The Information System Department at Universitas Pendidikan Ganesha is dedicated to advancing research that aligns with the Sustainable Development Goals (SDGs) set by the United Nations. One such impactful research initiative led by I Made Dendi Maysanjaya, a distinguished lecturer in the Information System Study Program, focuses on diabetic retinopathy, a critical eye condition prevalent among individuals with diabetes that can lead to vision impairment and blindness.
Diabetic retinopathy is a serious complication of diabetes characterized by damage to blood vessels and nerve fibers in the eye, primarily caused by the presence of exudatesโdeposits resulting from leaking blood vessels. Exudates are categorized into two types: hard exudate and soft exudate, with the latter being the focus of this research endeavor.
In pursuit of more effective diagnosis and treatment, this research leverages digital image processing techniques, specifically employing a deep learning-based method known as U-Net. The U-Net model is renowned for its proficiency in image segmentation tasks, crucial for accurately identifying and delineating soft exudate regions from non-soft exudate areas within retinal images.
The Segmentation Process:
The research methodology encompasses three key stages:
- Pre-processing: This initial stage enhances the quality of retinal images, ensuring optimal conditions for subsequent segmentation processes.
- Segmentation: Using the U-Net model, soft exudates are precisely differentiated from other elements in the images, aiding in the accurate identification of diabetic retinopathy markers.
- Evaluation: The performance of the segmentation approach is rigorously evaluated through metrics such as accuracy, sensitivity, and specificity, benchmarked against ground truth data for validation.
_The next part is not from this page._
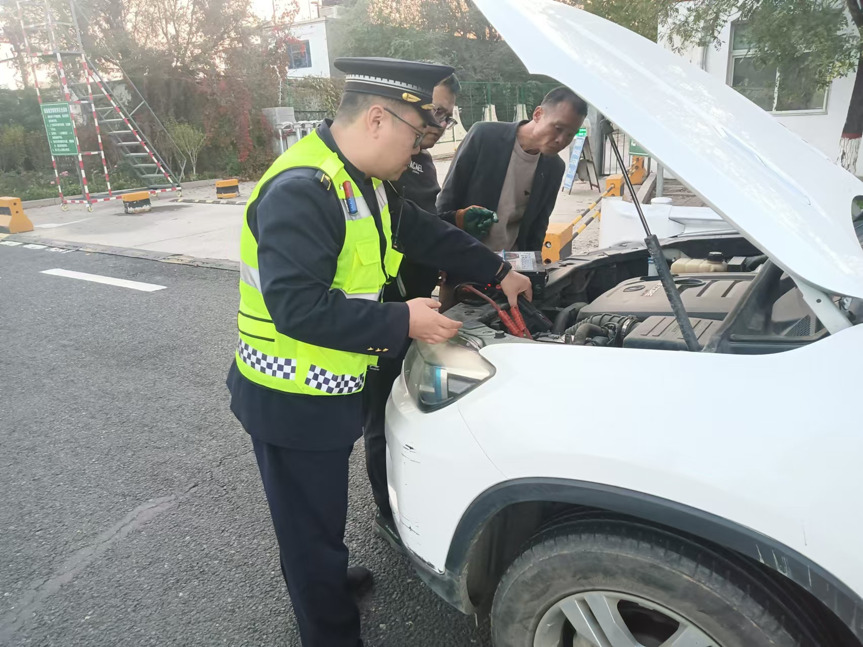 仝曉鵬迅速將故障車推到外廣場安全地帶,在車輛后方擺放反光桶以防后方車輛追尾。隨即,他飛奔到站內(nèi)取來自己的電子打火裝置,熟練地連接電瓶。第一次啟動失敗,他反復(fù)調(diào)整,再次嘗試,隨著發(fā)動機的轟鳴聲,車輛終于啟動了。

The outcomes of this study demonstrate the efficacy of the U-Net method in diabetic retinopathy diagnosis, with notable performance metrics including an average accuracy of 0.99586, sensitivity of 0.36203, and specificity of 0.99856. These results underscore the potential of deep learning techniques in revolutionizing medical imaging analysis and enhancing diagnostic capabilities, thereby contributing significantly to advancements in healthcare.
By supporting research endeavours such as this, the Information System Department reaffirms its commitment to the Sustainable Development Goals, particularly Goal 3: Good Health and Well-being. Through innovative technological interventions like deep learning-based image processing, the department strives to improve healthcare outcomes, promote early disease detection, and ultimately enhance the quality of life for individuals affected by diabetic retinopathy and other health challenges.
The collaborative efforts between researchers like I Made Dendi Maysanjaya and the Information System Department exemplify a proactive approach towards addressing global challenges outlined in the SDGs. Through pioneering research initiatives, informed by cutting-edge technologies and a commitment to societal impact, the department continues to make significant strides in advancing healthcare solutions and fostering sustainable development on a global scale.